One of the first Polish migrants to arrive to Cuba was Carlos Roloff who became a General in the Cuban War of Independence from Spain and fought alongside Cuban independence leader José Martí. Between 1920 and 1928, several hundred Polish families arrived in Cuba, however for most of the migrants, Cuba was a stop-over to the United States. Around this time, 10,000 Polish Jews arrived to Cuba. In 1927, the "Union of Polish People" was founded in Cuba to serve the Polish community in the island-nation.

In 1933, Cuba and Poland established diplomatic relations. After World War II, Poland adopted a communist system of governance. In January 1959, Fidel Castro took power in Cuba and began to establish ties with fellow communist nations. In 1960, both nations re-established diplomatic relations and in the same year, Cuba opened an embassy in Warsaw. In September 1960, President Fidel Castro met with Polish First Secretary Władysław Gomułka during the United Nations summit in New York City. In 1962, Polish Foreign Minister Adam Rapacki visited Cuba becoming the first highest ranking Polish official to visit the country.

In 1972, Cuban President Fidel Castro paid an official visit to Poland. In January 1975, the head of the Polish government, First Secretary Edward Gierek paid an official visit to Cuba. Cuba and Poland established strong diplomatic ties during the Cold War. Between 1962 and 1988 more than 35 thousand Cubans studied in Poland.

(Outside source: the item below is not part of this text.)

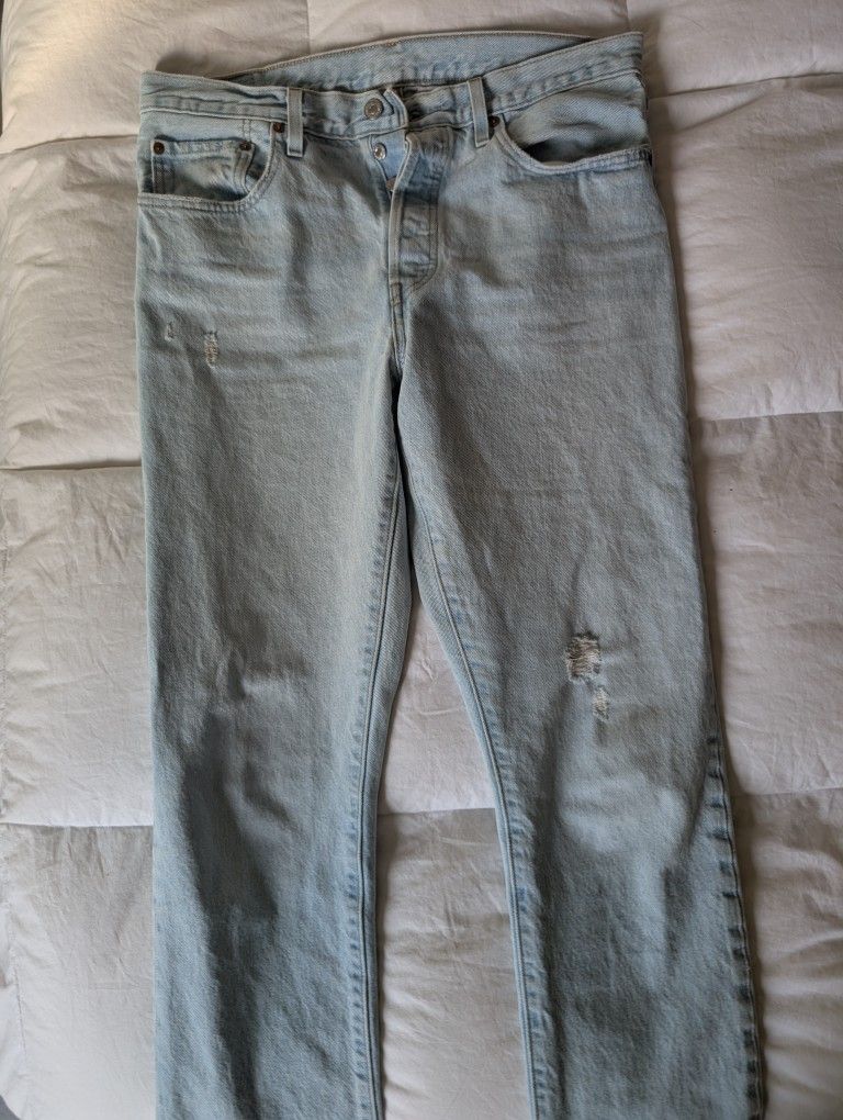 501skinny, w 32 L32, straight cut jeans. Has a few red spots, see pictures that might be an easy fix. I haven't tried and with very few times.
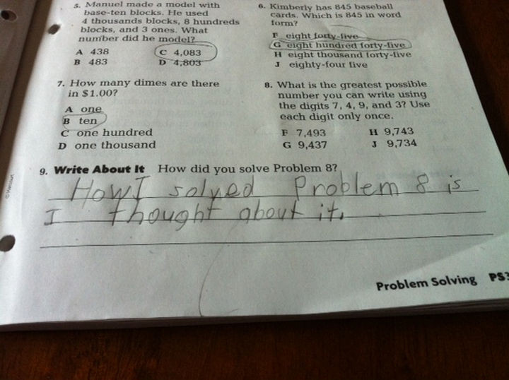 It reads, “How did you solve Problem 8? How I solved Problem 8 is I thought about it.”

After the fall of communism in Poland in 1989, relations between the two nations nearly ceased as Poland diplomatically shifted to the United States. Between 1990 and 1995, most of the remaining Polish residents in Cuba returned to Poland or immigrated to the United States. In 2009, Poland's equality minister, Elżbieta Radziszewska proposed to expand a Polish law prohibiting the production of fascist and totalitarian propaganda including images of the Cuban revolutionary Ernesto "Che" Guevara. In June 2017, Polish Foreign Minister Witold Waszczykowski paid an official visit to Cuba, becoming the first high ranking Polish official to visit the country in over 30 years.

==High-level visits==
High-level visits from Cuba to Poland
- President Fidel Castro (1972)

High-level visits from Poland to Cuba
- Foreign Minister Adam Rapacki (1962)
- First Secretary Edward Gierek (1975)
- Foreign Minister Witold Waszczykowski (2017)

==Tourism and transportation==
In 2016, 40,000 Polish citizens visited Cuba for tourism. There are direct charter flights between Cuba and Poland with LOT Polish Airlines.

==Trade==
In 2016, trade between Cuba and Poland totaled US$48.7 million. Cuba's main exports to Poland are fish and other seafood, coffee, conserved fruit, alcoholic drinks and tobacco. Poland's main exports to Cuba include dairy products, grains, meat, airplane parts and agricultural equipment. Most of the exports between the 2 countries involve hard liquor, meat and tobacco.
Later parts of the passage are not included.